A full hard effort should not only be written on the white board with your name and your time but by also how hard you pushed your body and pumped your most important muscle.... your heart.

Being someone that does Crossfit but is also a Professional Triathlete I would not have had half the success in both sports if it wasn't for truley listening to my own body. As a chronic overtrainer in the past, I now know when to rest and have seen massive improvements in my competition for both sports.

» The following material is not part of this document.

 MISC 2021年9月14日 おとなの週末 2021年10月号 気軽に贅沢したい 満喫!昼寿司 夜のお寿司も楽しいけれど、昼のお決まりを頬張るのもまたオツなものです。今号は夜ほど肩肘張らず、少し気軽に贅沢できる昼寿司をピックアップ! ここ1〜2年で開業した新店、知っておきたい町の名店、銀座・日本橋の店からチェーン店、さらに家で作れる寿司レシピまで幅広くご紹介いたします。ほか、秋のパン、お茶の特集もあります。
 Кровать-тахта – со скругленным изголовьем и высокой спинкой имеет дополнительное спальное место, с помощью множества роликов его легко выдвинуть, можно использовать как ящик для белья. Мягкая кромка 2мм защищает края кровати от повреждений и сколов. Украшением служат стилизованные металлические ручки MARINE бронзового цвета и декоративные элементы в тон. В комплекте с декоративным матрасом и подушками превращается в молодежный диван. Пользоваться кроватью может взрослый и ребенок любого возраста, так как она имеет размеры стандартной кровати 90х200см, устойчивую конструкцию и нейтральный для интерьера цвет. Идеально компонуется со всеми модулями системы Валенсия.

And I attribute that all to my heart rate monitor.

20

wrote …

good article but as others have said the info about racing drivers isn't backed up by any data.

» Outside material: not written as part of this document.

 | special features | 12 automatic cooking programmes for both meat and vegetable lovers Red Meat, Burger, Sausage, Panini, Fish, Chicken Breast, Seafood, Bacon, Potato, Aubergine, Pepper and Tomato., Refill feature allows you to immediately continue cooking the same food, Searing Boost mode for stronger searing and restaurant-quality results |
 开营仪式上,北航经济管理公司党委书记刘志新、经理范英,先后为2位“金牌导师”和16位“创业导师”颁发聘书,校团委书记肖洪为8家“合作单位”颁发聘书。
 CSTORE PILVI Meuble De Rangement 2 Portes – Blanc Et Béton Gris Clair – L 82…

http://www.cns.org/publications/clinical/53/pdf/cnb00106000145.pdf

that shows some of the stressed involved and also provides hints as to the training required.

Please back things up with data!

21

wrote …

http://www.wptv.com/dpp/news/health/crossfit-exercise-is-the-newest-form-of-exercise.-how-does-it-compare-to-time-on-the-treadmill%3F

Before her two workouts on separate days, Elizabeth's heart rate was between 80 and 85 beats per minute.

After 14 minutes and 46 seconds of doing CrossFit, Elizabeth's heart rate was 220 beats per minute. After 14 minutes and 46 seconds on the treadmill running at six miles per hour, her heart rate was 190 beats per minute. In this case CrossFit has the edge.

Read more: http://www.wptv.com/dpp/news/health/crossfit-exercise-is-the-newest-form-of-exercise.-how-does-it-compare-to-time-on-the-treadmill%3F#ixzz1e3FyDGTB

22

wrote …

This is a great article and brings home the point that taking a reductionist approach to training can often lead to poor results.

I strongly believe in knowing my heart rate zones and "RQ" (respiratory quotient)and using a heart rate monitor during competition when I know I will be exceeding my stored energy reserves... such as a half or full IM, 100km bike race, etc. I perform a VO2/VCO2 test on my clients so they know their heart rate zones for pacing and fueling requirements. Check out this link on Joe Friel's Blog (it is great for taking the guess work out of fueling and pacing)...
http://www.joefrielsblog.com/2010/10/fat-burners-and-sugar-burners.html

But when your doing CF and CFE training put the heart rate monitor away (unless it is a tempo day) and just crush your workouts.

Best,
Greg

23

wrote …

This article is ok, but really only touches the surface. What replaces MHR as a guide to intensity? In competitive cycling max watts per given heart rate are tracked with great results. The point with heart rate monitoring is to use it to learn about one's response to training. That old 220 minus your age has been known to be crap for many years, at least since the 80s for anyone of any sophistication. Heart rate repsonse to training is data. The point is to learn to use it in creative ways. One simple one: it is an excellent way to tell if you are dihydrated as increased heart rate is often a sign of dihydration. Like any fact heart rate needs to be interpreted to be useful.

24

wrote …

At a whopping 39 years old I recently had a stress test done. Now I should have stated that I have been doing crossfit since Sept 0f 2011 and proir to that I was just lifting weights with minimal cardio work. When I say crossfitting since Sept I should also say I dove in head firts and go 5 times a week and sometimes twice a day. All that said I know my cardio has a long way to go. The stress test however was funny to me. I forgot that I had the appointment and after finishing the morning WOD I stayed to do some additional squats. My legs gave out before my lungs did on the stress test. When I went back to see the Doc for the results he said my cardio level was borderline of what they consider and elite athlete. I laughed, pointed at the crossfit shirt I was wearing and said, "like the shirt says, forging elite fitness."